机床交接的已落定,林薇和沈耘便又扎进了的古玩破烂堆里。鉴宝、估价、登记入账,钢笔尖划过账本的沙沙声,和瓷瓶玉佩的碰撞声交织,成了密窑里日复一日的背景音。
而另一边平菇丰收的喜悦,如同一股温润的泉水,迅速浸润了根据地略显焦灼的早春。老徐提交的详细报告和实物,摆在师长和政委面前时,结论不而喻:这看似不起眼的“木头疙瘩上长菜”,是应对即将到来的春荒、补充维生素和优质蛋白的利器,且隐蔽性强,不占用宝贵耕地。
“买!”师长拍板,“量要大!不仅要满足我们直属单位,还要想办法推广到下面各个支队、区小队,甚至可以鼓励有条件的老百姓领回去养!规矩是:菌包和技术指导我们出,收成交一半给公家,另一半归自己。这样,公家有了储备,群众得了实惠,积极性也高。”

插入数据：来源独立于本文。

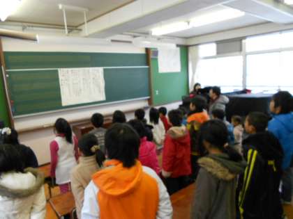 音楽集会では、全校で、「世界中の子どもたちが」を歌いました。産業大学のオーケストラと一緒に歌う予定です。知っている児童も多く、しっかり声を出せていました。
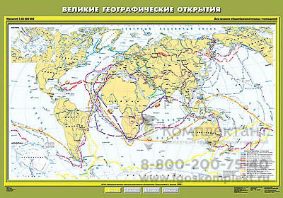 Учебн. карта "Великие географические открытия" 100х140
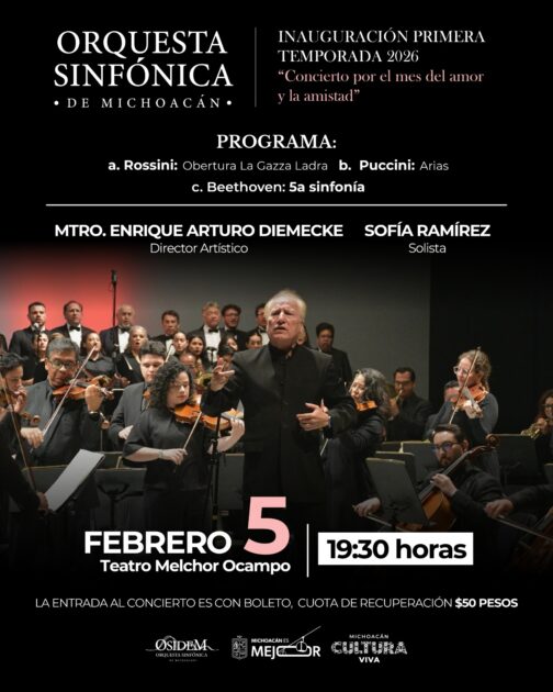 *Morelia, Michoacán, 29 de enero 2026.- La temporada 2026 de la Orquesta Sinfónica de Michoacán (Osidem), arranca con el “Concierto por el mes del amor y la amistad”, el jueves 5 de febrero a las 19:30 horas, en el Teatro Melchor Ocampo, bajo la dirección de Enrique Arturo Diemecke y con la participación de la soprano Sofía Ramírez.
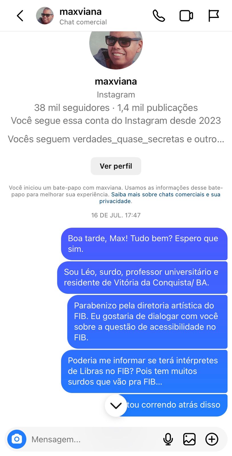 Em julho, o influencer tentou contato até com o diretor artístico do FIB, Max Viana, ainda via Instagram. Novamente sem resposta, falou com a assessoria de imprensa do evento, que passou a ele um número de telefone da Bahia Eventos. Mas apesar de ter sido iniciado um diálogo e negociação com a empresa para a inclusão de intérpretes de Libras nos shows, a contratação não foi efetivada.
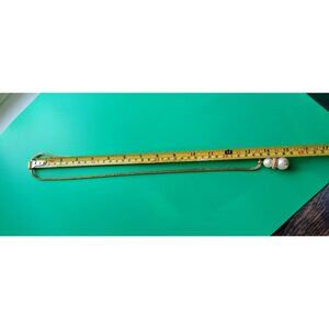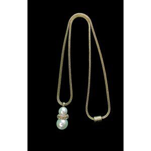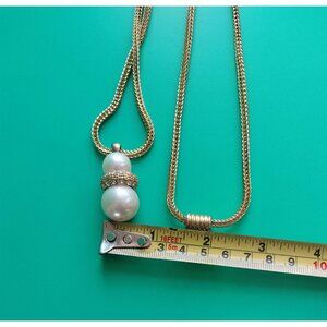 Vintage Gold Tone Necklace Magnetic Clasp Double Faux Pearl Pendant Long Jewelry
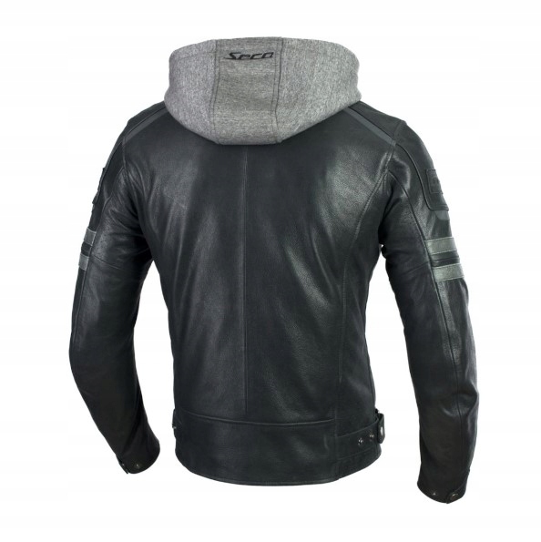 Seca Hornet II to skórzana kurtka motocyklowa w klasycznym stylu z odpinanym kapturem. Została wykonana z najwyżej jakości skóry bydlęcej ze wzmocnionymi szwami zwiększając wytrzymałość i odporność kurtki. Za bezpieczeństwo odpowiadają certyfikowane ochraniacze łokci i barków z D3O® znakomicie pochłaniające energię uderzenia a za zwiększenie komfortu odpowiada oddychająca podpinka oraz perforowana powierzchnia skóry. W zestawie do kurtki otrzymujemy pas umożliwiający spięcie kurtki ze spodniami jeans.
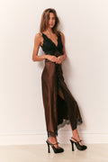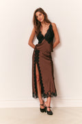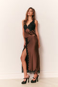 Flirty and feminine in the Calder Skirt. This bias slip skirt arrives with a satin charmeuse, drapey fabric with delicate chantilly lace trims. The boudoir-inspired midi features a flattering silhouette with sext trim down the thigh that opens into a slit. The piece is finished with lace trim at the hem. Pair with the Elloryn Top for the full set.
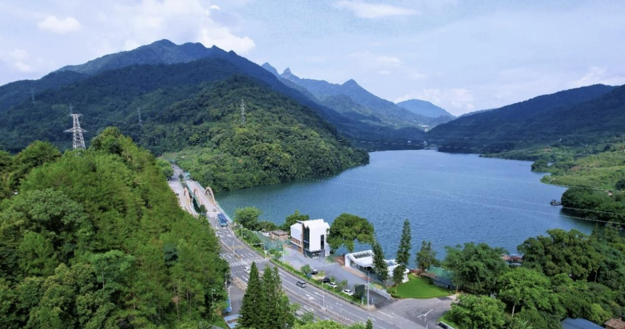 彩虹桥驿站,位于流溪河国家森林公园的彩虹桥驿站,是从化最美旅游公路示范段(起于温泉镇入口广场,止于良口镇国道彩虹桥)的重要枢纽。在彩虹桥驿站,刚走完森林步道的退休教师刘大爷正坐在观景台休息,面前是流溪湖的粼粼波光。“这个驿站建得好啊,以前爬山累了没地方歇,现在有座椅、有遮阳棚,还能看风景。建筑跟山水融在一起,不破坏环境,这才是真正为老百姓建的好地方!”驿站通过改造现有建筑组团,以“山形”和“从”字为设计语言,融入自然材料与通透材质,实现建筑与山水风景的无缝融合。目前已完成国道旁建筑改造、北边山体林相优化、临湖景观绿化提升、森林步道修复及自行车驿站建设,串联流溪湖景区、五指山景区,为游客提供“慢行赏景”的优质选择,模糊建筑与自然的边界,让游客在休憩中感受山水之美。
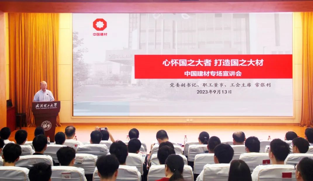 中国建材总院党委书记、董事长马振珠,凯盛科技党委书记、总经理张健,日韩无码 党委组织部(人力资源部)部长(总经理)、党群工作部主任苗小玲,北新建材党委副书记张静及重点实践培养企业组织人事部门分管领导、部门负责人全程参会。武汉理工大学材料科学与工程学院党委书记卢少平及在校师生200余人参加宣讲会。
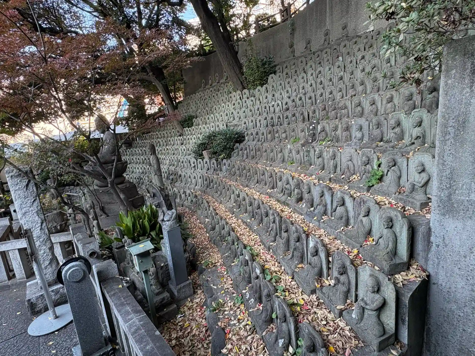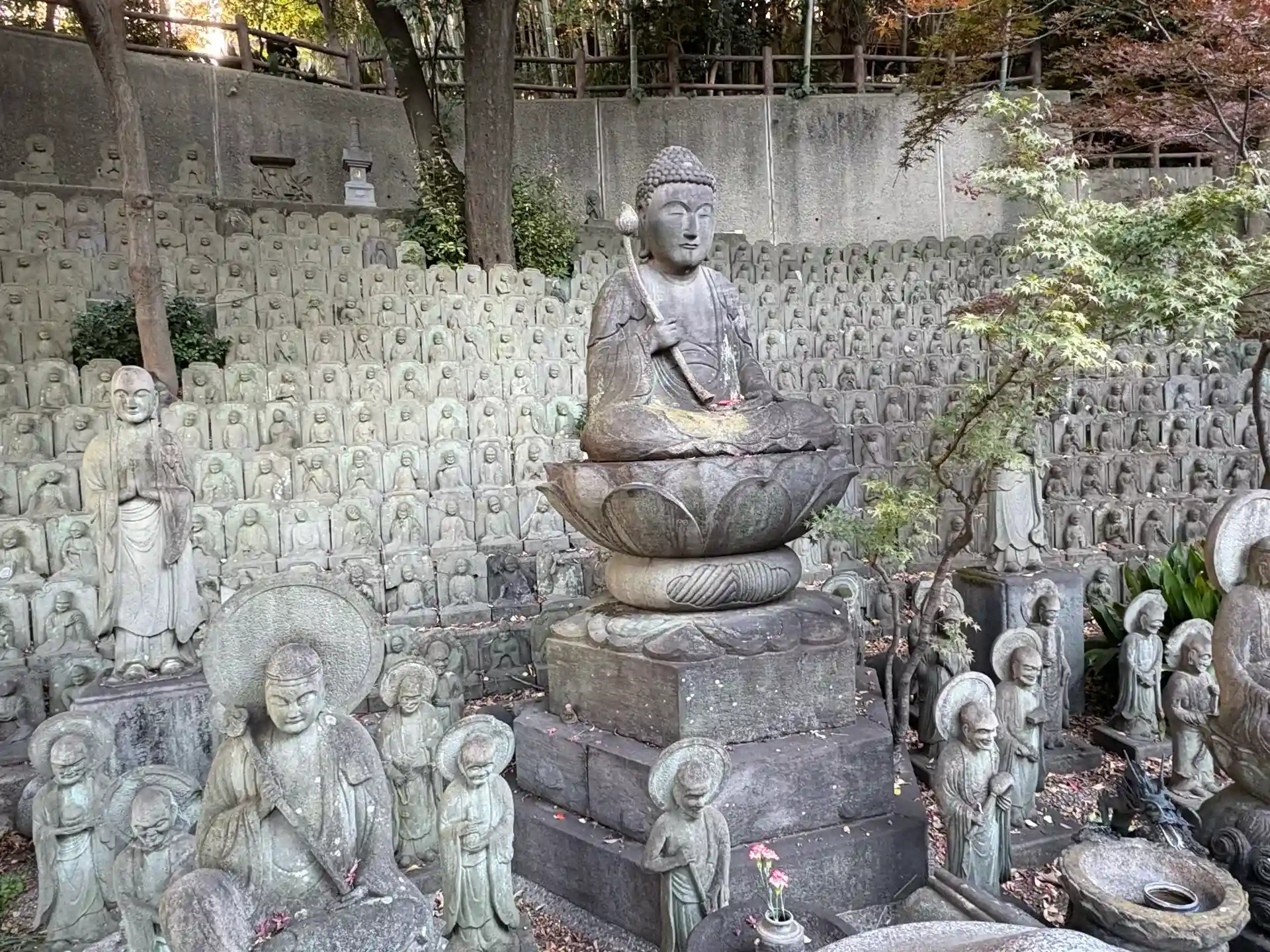 石仏群が素晴らしい。当寺を火元とする明和の「行人坂の火事」で犠牲になった人々の霊を慰めるために造立された五百羅漢、釈迦三尊、十六羅漢、十大弟子像。
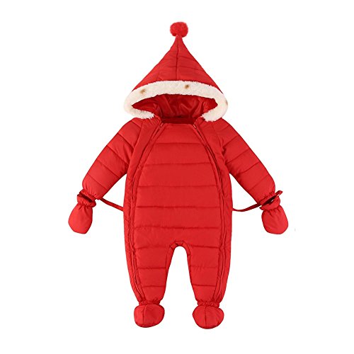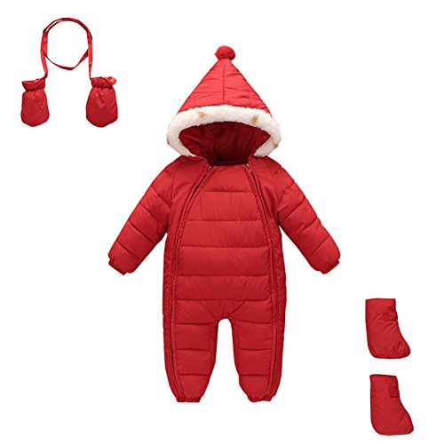 LittleSpring 冬 ダウン カバーオール ロンパース フード付き キャップスーツ ベビー 男の子 女の子 長袖 防寒着 幼児服 厚手 保温 ダウン ジャケット 手袋 靴下 セットアップ ピンク 赤 レッド 90
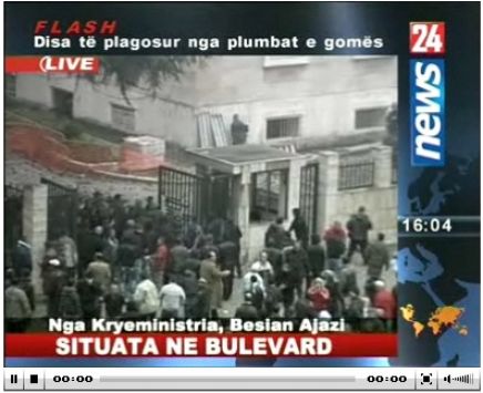 Νωρίτερα, συγκρούστηκαν με την αστυνομία στις 4 κεντρικές λεωφόρους της πρωτεύουσας της Αλβανίας. Για να αποκρούσουν τους διαδηλωτές οι αρχές έχουν βγάλει στον δρόμο οχήματα της πυροσβεστικής που πετούν νερό με πίεση.
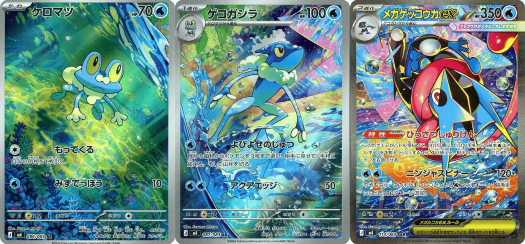 また、ニンジャスピナーに収録されている『ケロマツ AR』『ゲコガシラ AR』とメガゲッコウガex SARを進化順に並べると、1枚の繋がったイラストとして完成する仕様になっています。コレクターにとっては3枚セットで集めたくなる、ファン心をくすぐる演出です。
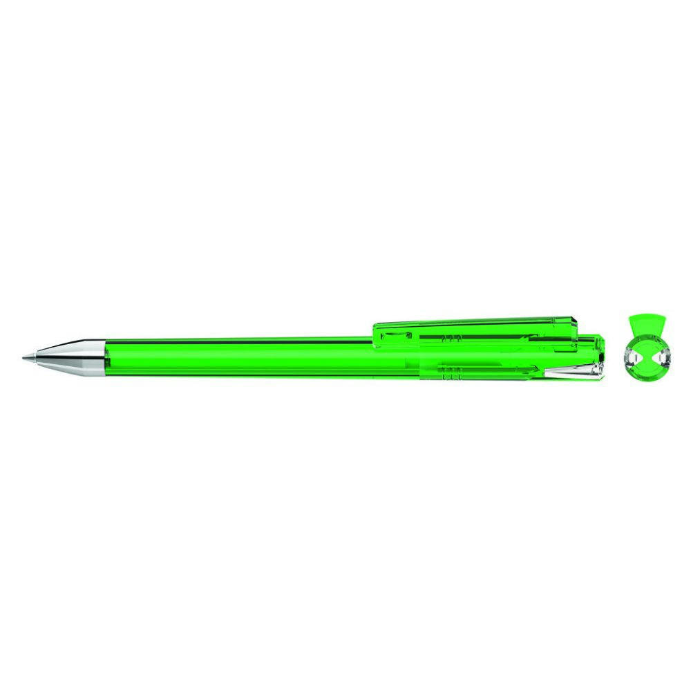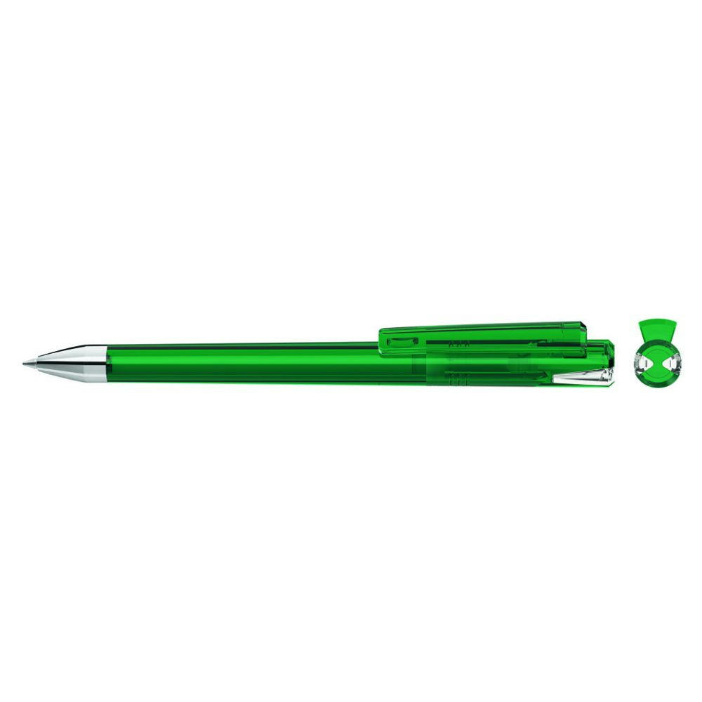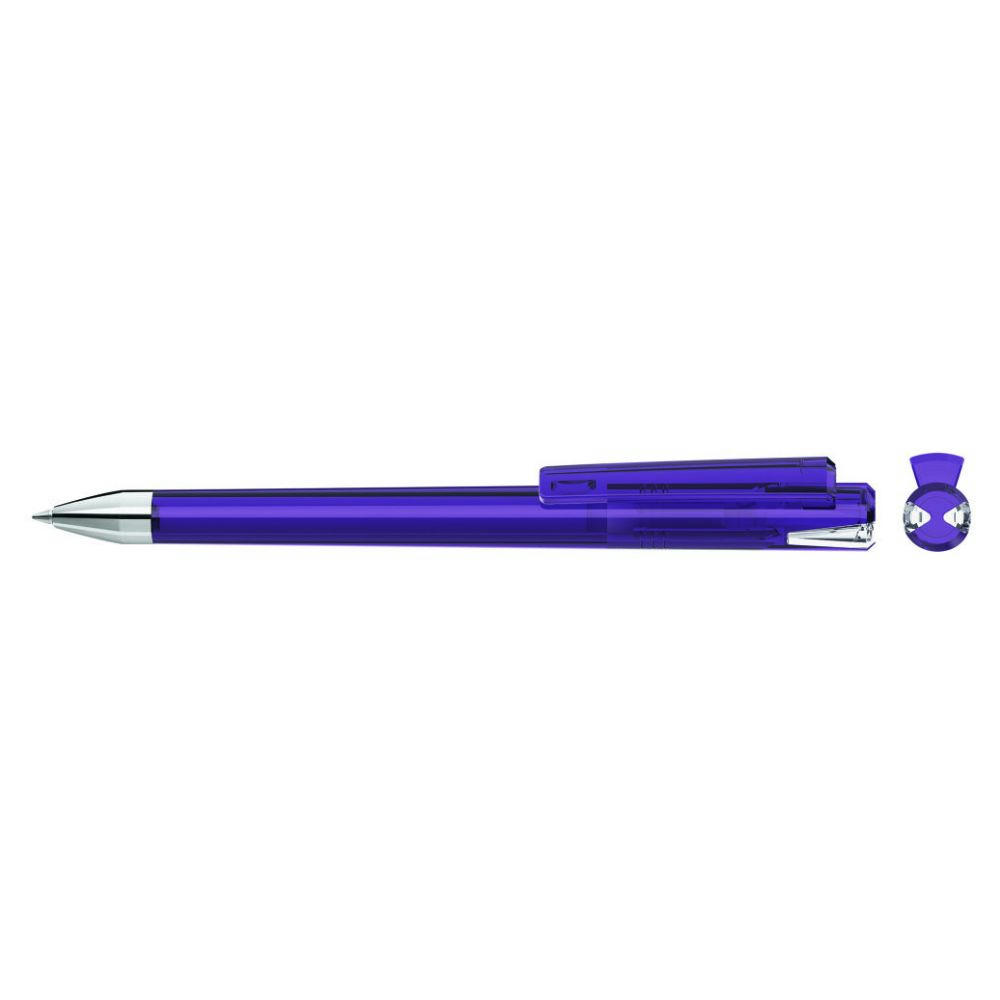 Drehkugelschreiber mit transparent glänzendem Gehäuse und Oberteil mit zwei farbigen Stopfen in gedeckt oder transparent glänzend. Schwere Metallspitze glanzverchromt.
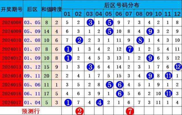 017期开出后区号码:01 04,热热组合。冷热分析:近十期,冷热比6:14,冷号出号较冷,综合分析,本期预测冷冷组合后区回补,关注号码02 03 07 08 12 。精准推荐:02 07。
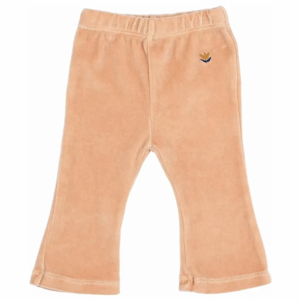 - Leggings évasés en velours. Taille élastique. Fleur brodée sur le côté.
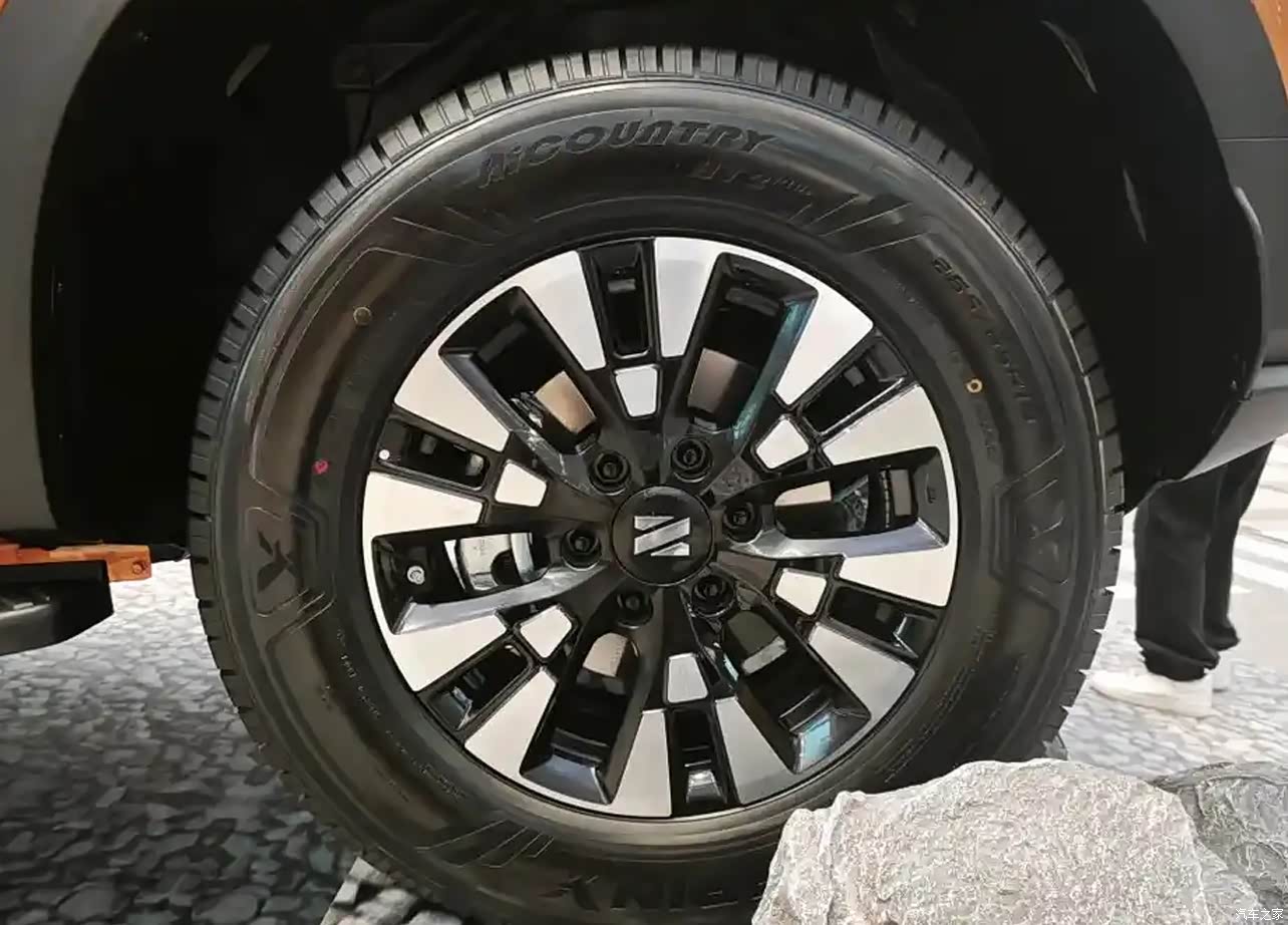外观特别霸气,前脸方方正正的,看着就很 man。轮毂很大,轮胎纹路很深,看着就适合去野。钣金我也用手摁了下,比较硬,车漆也蛮好看的。

林薇很快收到了新的采购清单:平菇菌包五万个,大球盖菇菌种包两万个,配套的简易技术图解手册(油印版)一万份。平菇菌包批量采购价压到了¥2.8元包,大球盖菇¥4.5元包,总计花费¥221,000元。余额轻微跳动,依旧庞大。
这些菌包和手册,通过老徐建立的秘密渠道,开始像菌丝一样,悄然向各部队、各村庄扩散。负责分发和指导的,是经过老徐紧急培训的“农技推广员”,他们拿着手抄的要点,在窝棚、地窖、废弃窑洞里,教人们如何保持湿度、如何通风、何时采摘。许多百姓起初将信将疑,但看到那实实在在长出来的、水灵灵的蘑菇,疑虑很快变成了惊奇和热情。一时间,“领个木头包,回家生蘑菇”成了根据地的新鲜事。上交一半的规定并未引起太多抵触,毕竟剩下的一半,已是碗里实实在在的“鲜货”。
――――
就在这生机悄然勃发的同时,那张无形的反特大网,终于到了收紧的时候。日益严格的盘查和全民皆兵的警惕,让隐藏的“钉子”们感到窒息,也让他们露出了马脚。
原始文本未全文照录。